String scan question

Srinsriram · 6 April 2007 16:55

this is probably elementary but I just havent found the right/
reliable way to do this (that works always)

if a string has content in tags such as <TagName> content goes here </

whats the best way to put the content inside an array.. the

content can have whitespace chars (end of lines tabs etc) that should
be preserved in the array element. These tags are simple (no
properties).

I assume that the scan method is relevant but am having trouble
constructing a regex that works reliably.

Peter_Szinek3 · 6 April 2007 16:59

srinsriram@gmail.com wrote:

this is probably elementary but I just havent found the right/
reliable way to do this (that works always)

if a string has content in tags such as <TagName> content goes here </
> whats the best way to put the content inside an array.. the
content can have whitespace chars (end of lines tabs etc) that should
be preserved in the array element.
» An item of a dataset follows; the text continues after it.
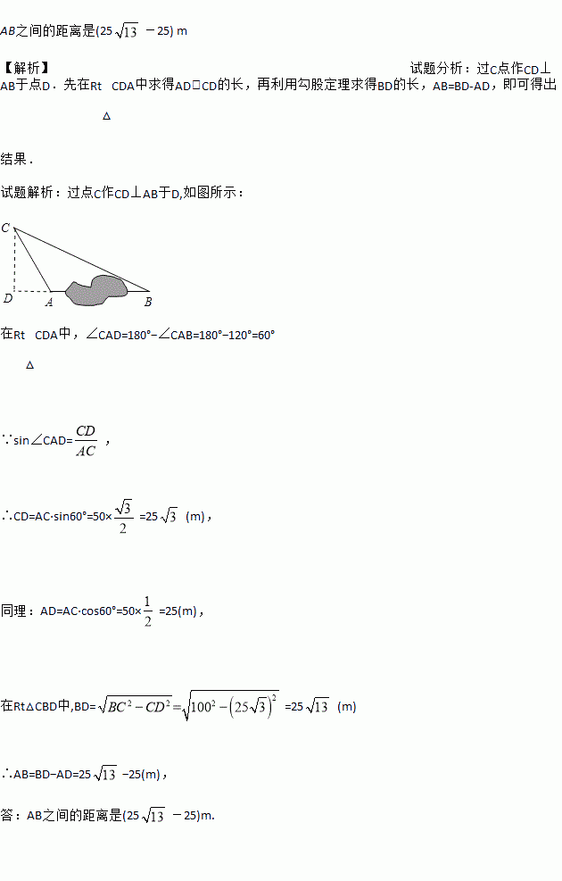 在一次课外实践活动中,同学们要测量某公园人工湖两侧A,B两个凉亭之间的距离.现测得AC=50m,BC=100m,∠CAB=120°,请计算A,B两个凉亭之间的距离.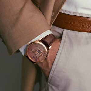 - Không chỉ dừng lại ở đó, điều làm lên ấn tượng sang trọng của Carnival Mục Đồng Cưỡi Trâu còn nằm ở thiết kế viền ngoài và mặt số. Giải quyết bài toán nổi bật, các nghệ nhân Carnival đã tỉ mỉ gia công phần VỎ MẠ VÀNG HỒNG PVD sáng bóng với phần thân là mạ xước khác biệt và viền bezel là mạ vàng bóng bẩy.

These tags are simple (no
properties).

I assume that the scan method is relevant but am having trouble
constructing a regex that works reliably.

try

html_file.scan(/<TagName>(.+?)</).flatten

This will put the text contents of all <TagName> tags into an array.

Cheers,
Peter

···

--
http://www.rubyrailways.com :: Ruby and Web2.0 blog
http://scrubyt.org :: Ruby web scraping framework
http://rubykitchensink.ca/ :: The indexed archive of all things Ruby

Srinsriram · 6 April 2007 17:10

Here is a simple test case

s = <VariableValue>\nXXX\n</VariableValue>\n\n<VariableValue>
\n<Choice> Administrative Support - Supervisors<Choice>\n</

\n\n"

for the VariableValue tag, there should be 2 array elements \nXXX
\n AND \n<Choice> Administrative Support - Supervisors<Choice>\n

s.scan(/<VariableValue>(.+?)</).flatten returns an empty array

···

On Apr 6, 12:59 pm, Peter Szinek <p...@rubyrailways.com> wrote:

srinsri...@gmail.com wrote:
> this is probably elementary but I just havent found the right/
> reliable way to do this (that works always)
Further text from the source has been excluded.